The hour-plus Sola Gratia is technically immaculate and not without its fair share of emotional highlights

Sola Gratia

Neal Morse

InsideOut Records

14 tracks / 65:43

 Prog fans have reason to be excited because we have a new Neal Morse ‘solo’ project to sink our musical teeth into. Even though the title, Sola Gratia, means ‘by grace alone,’ the album isn’t purely ‘sola Morse,’ since the prolific musician once again enlisted the aid of two of his most trusted musical allies, Randy George and Mike Portnoy (playing bass and drums respectively) to augment his own astounding keyboard, guitar and vocal work. Also contributing to the sound-scape (as guest artists this time) are Neal Morse Band regulars Bill Hubauer (keyboard) and Eric Gillette (guitar); Gideon Klein (strings) and a small choir (sparingly used) round out the personnel on this essentially ‘socially distanced,’ remotely-produced prog-opera about the events leading up to the conversion of early Christianity’s most feared enemy - the persecutor, Saul of Tarsus, who became Saint Paul.


No one could ever accuse Morse of resting on his laurels - as a matter of fact, maybe even of resting at all - much of the origin of this project was written by Neal while on a cruise this past January! The question might well be asked: but why is it a Neal Morse solo album? I think that the answer is found by looking at Neal’s solo catalog, for one thing. In his solo work, Morse has generally concentrated on more intense and personal examinations of Biblical themes and faith issues. In fact, Sola Gratia can in some ways be seen as a prequel to Sola Scriptura, since both deal with the rigidity of a religious establishment that persecutes those following a simpler, more grace-based faith. Look at the lyrics in “Preface,” from the Sola Gratia album: “...and long before Luther wrote his words upon the door, there was a man who forged the way before.” Of course that man was Paul, whose dramatic story of being transformed from being an enforcer of the religious law to a believer in The Way that he had been persecuting. Themes and lyrical echoes from Scriptura are strategically placed throughout this new work as a treat for the careful listener.


As you might expect, the performance of the hour-plus Sola Gratia is technically immaculate and not without its fair share of emotional highlights (we’re talking about Neal Morse here, remember?). The tight, concisely played themes introduced in “Overture” are six minutes of prog-rock bliss, leading into “In The Name of The Lord,” where we are introduced to Saul/Paul’s point-of-view as he goes on his mission to root out these Jesus-followers. “In the name of God you must die,” is his mantra (I guess he must have a copy of Sola Scriptura). Listen for the exceptionally beautiful interplay of bass and synth on this track. Eric Gillette also contributed a typically powerful guitar solo.

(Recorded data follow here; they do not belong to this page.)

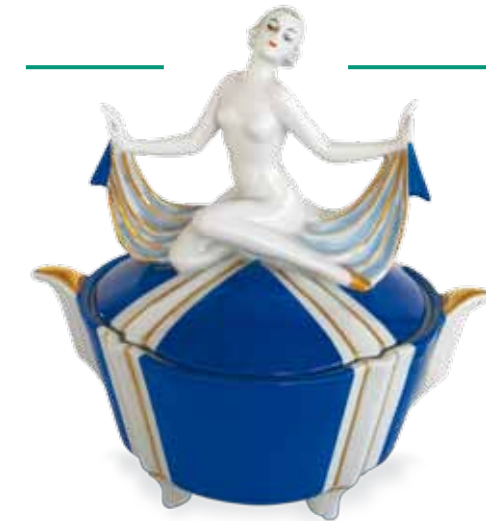
Tin with lid, Heubach Kaempfe & Sontag Wallendorf/Thuringia after 1930

Extravagant shapes, playful motives and diverse colors characterize the high-quality products of the porcelain manufactures in the years between the wars. The mocha sets and tins presented in the exhibition represent small luxury objects that cannot be classified as strict display objects, but aren't items of daily use either. They often come with some elements of the jagged style that characterizes the architecture of the pillar hall in which the exhibition is shown as well. Elaborate two- or three-dimensional figurative presentations were just as popular – for example depicting exotic animals. Doubtlessly unusual in scope and diversity, the Hamburg collections of Gisela Krause-Ausborn and Gerd Ausborn, as well as that of Professor Peter Schatt, entice with their different focuses and decades of passion for collecting. A selection of objects from these collections is presented together for the first time in this combination, creating a cross-section through the design variations of Art Déco.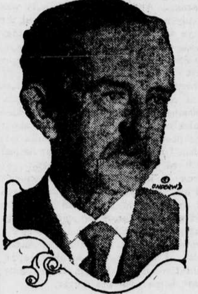
W. Murray Crane.

W. Murray Crane, who has loomed as one of the big figures in Republican national conventions for many years, recently announced his retirement as national committee-man from Massachusetts. He will be present, however, at the Chicago convention. Crane has been a member of the Republican national committee almost uninterruptedly since 1892.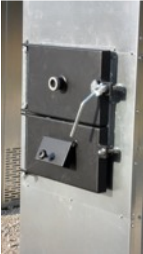
Portello di apertura focolare Fireplace opening door Puerta apertura focolar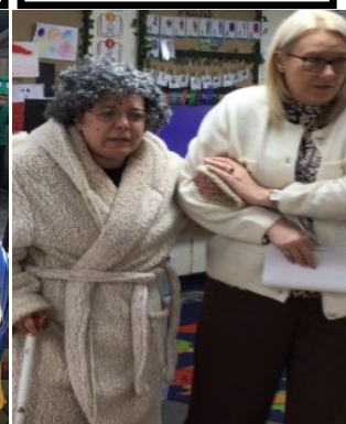
Granny from Jack & the Flum Flum Tree

Paul the persecutor might have also listened to Queen’s “We Are the Champions” before performing “Ballyhoo (The Chosen Ones.,” where he declares, “we are the chosen ones - we come with Hell-fire in mega-tons!” - definitely one of the cleverest and most bravado-filled lyrics on the album! Drummers get some real ear-candy as Portnoy plays havoc with the rhythms on “March of the Pharisees.” Looking for a big rock anthem with a gang-vocal hook? Try “Building a Wall” and try not to sing along. “Sola Intermezzo” is an instrumental link between the two main parts of Sola Gratia - Paul’s bulldog-like persecution, and his gradual journey to Grace. The piece is what you’d expect and hope for: heavy, intricate, fugue-like in parts, and very, very prog-rock in nature.

...and that’s just the first seven songs. It takes seven more (the perfect number ...hmmm) for Saul to see the light.

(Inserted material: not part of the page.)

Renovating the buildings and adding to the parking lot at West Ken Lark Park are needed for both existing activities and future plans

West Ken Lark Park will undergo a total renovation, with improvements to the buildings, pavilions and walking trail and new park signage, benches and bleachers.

It would be futile to try to really describe each song on the album, but there are many highlights to mention. “Warmer Than the Sunshine” boasts a subtle acoustic guitar intro joined by beautifully melodic bass work. A piano break precedes a fully-instrumental section and the song ends with some lovely vocal lines.

Of course, the crux of the whole conflict here is similar to that of Inspector Javert in Les Miserables who, in the stage musical, famously sings “men like me can never change.” In Sola Gratia, Paul declares he has a “heart made of leather” in the song, “Never Change,” and continues, “And I will never change my mind...” It becomes a slow, tortured prog-blues with a searing guitar solo just after the four-minute mark.

There’s an outstanding synth solo in the album’s longest track, “Seemingly Sincere,” which also features Portnoy playing some runaway-train drum riffs. “The Glory of The Lord” is a powerfully realized theme featuring low strings, a choir echoing Morse’s vocal lines, and a truly stunning guitar solo once again from Eric Gillette.


Throughout all of this, Neal Morse delivers exceptionally well-crafted keyboard work, dexterous, visceral guitar playing, and passionately delivered vocal performances. Morse’s voice is the only featured one on Sola Gratia (another reason it’s part of the Neal Morse solo album catalog) and he uses his vocal flexibility to express everything from Paul’s arrogance as a religious zealot, to his anger as a persecutor, to his perplexity at the seeming sincerity of the martyr Stephen, to his ultimate encounter with Jesus. A wide range to express vocally, but Morse is up to the task.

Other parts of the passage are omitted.